Depth-First Search Questions at Intuit: What to Expect
Prepare for Depth-First Search interview questions at Intuit — patterns, difficulty breakdown, and study tips.
Depth-First Search (DFS) is a fundamental algorithm for exploring graphs and trees, and its prevalence at Intuit is a direct reflection of the company's technical needs. Intuit's products, like TurboTax and QuickBooks, rely heavily on hierarchical data structures—from tax form dependencies and financial account trees to organizational charts and decision logic. DFS provides the intuitive, recursive approach needed to navigate, validate, or process these nested relationships. With 8 out of 71 tagged questions involving DFS, mastering it is non-negotiable for tackling their system design and coding interviews, where you must demonstrate the ability to model and traverse complex data.

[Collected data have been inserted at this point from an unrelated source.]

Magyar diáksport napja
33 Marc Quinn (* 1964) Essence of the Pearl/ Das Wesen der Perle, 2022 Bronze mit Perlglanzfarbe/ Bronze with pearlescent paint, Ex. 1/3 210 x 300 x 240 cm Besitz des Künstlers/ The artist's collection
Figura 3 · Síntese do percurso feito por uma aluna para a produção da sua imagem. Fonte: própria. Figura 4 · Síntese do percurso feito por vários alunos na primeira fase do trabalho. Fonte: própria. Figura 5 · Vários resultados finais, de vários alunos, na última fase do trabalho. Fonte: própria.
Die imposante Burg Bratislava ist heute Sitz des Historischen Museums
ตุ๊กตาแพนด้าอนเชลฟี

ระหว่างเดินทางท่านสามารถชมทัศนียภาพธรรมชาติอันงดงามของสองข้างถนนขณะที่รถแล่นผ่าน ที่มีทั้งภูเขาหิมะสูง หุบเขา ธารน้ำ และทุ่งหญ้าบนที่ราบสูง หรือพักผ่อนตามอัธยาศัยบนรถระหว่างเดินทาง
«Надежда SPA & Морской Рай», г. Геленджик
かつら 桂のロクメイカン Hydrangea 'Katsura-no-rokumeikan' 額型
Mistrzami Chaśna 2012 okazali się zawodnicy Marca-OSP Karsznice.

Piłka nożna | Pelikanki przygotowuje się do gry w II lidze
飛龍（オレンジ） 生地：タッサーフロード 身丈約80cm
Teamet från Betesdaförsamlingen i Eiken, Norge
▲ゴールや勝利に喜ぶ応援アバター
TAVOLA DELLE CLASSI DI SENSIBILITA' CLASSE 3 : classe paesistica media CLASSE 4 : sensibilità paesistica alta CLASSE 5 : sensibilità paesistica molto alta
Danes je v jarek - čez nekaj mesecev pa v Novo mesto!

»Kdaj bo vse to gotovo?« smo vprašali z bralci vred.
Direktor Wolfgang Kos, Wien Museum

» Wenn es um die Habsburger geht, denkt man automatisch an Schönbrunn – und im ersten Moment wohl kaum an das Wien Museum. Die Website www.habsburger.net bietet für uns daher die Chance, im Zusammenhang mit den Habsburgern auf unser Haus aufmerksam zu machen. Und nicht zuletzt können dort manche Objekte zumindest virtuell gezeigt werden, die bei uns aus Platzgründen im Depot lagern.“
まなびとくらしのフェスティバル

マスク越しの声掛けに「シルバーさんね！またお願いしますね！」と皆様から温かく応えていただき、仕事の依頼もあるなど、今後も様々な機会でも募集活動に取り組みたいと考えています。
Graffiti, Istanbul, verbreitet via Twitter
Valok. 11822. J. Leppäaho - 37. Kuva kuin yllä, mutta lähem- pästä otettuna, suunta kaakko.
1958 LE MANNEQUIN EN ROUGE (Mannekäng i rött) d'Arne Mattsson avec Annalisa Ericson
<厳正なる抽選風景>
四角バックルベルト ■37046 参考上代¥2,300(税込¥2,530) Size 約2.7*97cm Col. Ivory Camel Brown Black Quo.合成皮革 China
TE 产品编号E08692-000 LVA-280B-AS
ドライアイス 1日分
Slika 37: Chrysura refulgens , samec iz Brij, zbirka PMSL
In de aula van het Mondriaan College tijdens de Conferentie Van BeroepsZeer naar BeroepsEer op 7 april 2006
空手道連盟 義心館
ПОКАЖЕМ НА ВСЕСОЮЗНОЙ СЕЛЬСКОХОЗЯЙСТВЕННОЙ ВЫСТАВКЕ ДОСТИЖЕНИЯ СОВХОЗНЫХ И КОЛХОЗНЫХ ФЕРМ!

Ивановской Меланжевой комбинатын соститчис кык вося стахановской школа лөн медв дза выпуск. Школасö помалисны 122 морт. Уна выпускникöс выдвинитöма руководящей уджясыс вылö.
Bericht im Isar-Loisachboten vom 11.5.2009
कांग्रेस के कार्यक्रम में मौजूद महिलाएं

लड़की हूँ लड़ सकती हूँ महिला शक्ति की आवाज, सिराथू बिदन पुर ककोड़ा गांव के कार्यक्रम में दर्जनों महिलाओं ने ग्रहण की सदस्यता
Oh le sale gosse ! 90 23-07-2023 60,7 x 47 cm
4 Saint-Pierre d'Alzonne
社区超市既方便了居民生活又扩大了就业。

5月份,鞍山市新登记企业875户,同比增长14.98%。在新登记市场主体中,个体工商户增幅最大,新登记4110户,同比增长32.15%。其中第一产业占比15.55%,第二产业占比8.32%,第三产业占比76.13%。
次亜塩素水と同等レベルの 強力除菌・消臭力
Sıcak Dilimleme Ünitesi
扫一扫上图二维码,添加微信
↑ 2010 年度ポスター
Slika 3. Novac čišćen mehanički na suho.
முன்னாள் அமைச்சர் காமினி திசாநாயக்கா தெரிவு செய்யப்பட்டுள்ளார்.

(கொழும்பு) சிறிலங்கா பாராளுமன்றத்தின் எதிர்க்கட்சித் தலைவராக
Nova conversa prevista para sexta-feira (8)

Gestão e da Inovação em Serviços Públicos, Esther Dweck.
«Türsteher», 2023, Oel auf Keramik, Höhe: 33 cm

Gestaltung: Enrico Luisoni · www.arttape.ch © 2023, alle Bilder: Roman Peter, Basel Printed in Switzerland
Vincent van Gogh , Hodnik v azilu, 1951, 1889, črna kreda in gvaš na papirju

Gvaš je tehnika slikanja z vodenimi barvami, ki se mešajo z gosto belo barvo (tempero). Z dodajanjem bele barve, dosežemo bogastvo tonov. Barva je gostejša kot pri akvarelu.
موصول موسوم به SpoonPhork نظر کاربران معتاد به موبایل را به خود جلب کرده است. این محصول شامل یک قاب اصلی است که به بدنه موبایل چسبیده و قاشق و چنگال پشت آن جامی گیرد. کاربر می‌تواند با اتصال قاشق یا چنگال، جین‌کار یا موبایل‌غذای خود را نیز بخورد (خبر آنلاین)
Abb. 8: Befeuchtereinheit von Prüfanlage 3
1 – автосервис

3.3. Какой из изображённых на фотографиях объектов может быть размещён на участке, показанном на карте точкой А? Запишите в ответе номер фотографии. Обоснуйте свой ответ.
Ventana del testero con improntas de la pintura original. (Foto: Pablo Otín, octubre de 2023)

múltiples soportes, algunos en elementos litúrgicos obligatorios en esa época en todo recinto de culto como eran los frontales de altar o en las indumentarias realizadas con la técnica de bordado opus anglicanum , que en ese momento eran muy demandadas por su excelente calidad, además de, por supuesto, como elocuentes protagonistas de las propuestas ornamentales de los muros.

What to Expect — Types of Problems
At Intuit, DFS questions rarely appear as simple "traverse a binary tree." They are typically applied problems that require you to recognize the underlying graph structure. Expect these categories:
- Tree and N-Ary Tree Operations: Problems involving directory structures, category hierarchies, or nested financial records. Tasks include finding paths, calculating aggregated values (like a subtree sum), or serializing/deserializing tree data.
- Graph Connectivity and Pathfinding: Questions about user networks, transaction flows, or dependency resolution. You might need to find if a path exists between two entities, count connected components in a financial data graph, or detect cycles in a dependency graph.
- Backtracking and Constraint Satisfaction: These are advanced DFS problems common in system design scenarios. Examples include generating all possible valid configurations (e.g., assigning tax categories), solving board-style puzzles, or exploring state spaces for a financial rule engine.
The key is to identify that the problem involves exploring all possibilities down one branch before backtracking, often with a need to pass state (like a current path or sum) through recursive calls.
How to Prepare — Study Tips with One Code Example
Start with the core recursive and iterative (stack-based) implementations for trees and graphs. For graphs, ensure you can handle both adjacency lists and matrices, and mark nodes as visited to avoid cycles. Practice transforming descriptive problems into graph models. The most critical skill is cleanly implementing recursion with correct state management.
A fundamental pattern is using DFS to find a target path or value in a tree. Here is a template for a recursive DFS that searches for a target sum path:
def has_path_sum(root, target_sum):
if not root:
return False
# Check if it's a leaf node and the path sum matches
if not root.left and not root.right:
return root.val == target_sum
# Recurse on children with the updated target
new_target = target_sum - root.val
return (has_path_sum(root.left, new_target) or
has_path_sum(root.right, new_target))
Recommended Practice Order
Build your competency systematically. First, master basic tree traversals (pre-order, in-order, post-order). Second, solve fundamental graph DFS problems like number of islands or clone graph. Third, tackle tree path and summation problems. Fourth, move to backtracking puzzles (e.g., subsets, permutations). Finally, combine DFS with other techniques like memoization for optimization problems or union-find for comparison. Always analyze time and space complexity, especially recursion stack depth.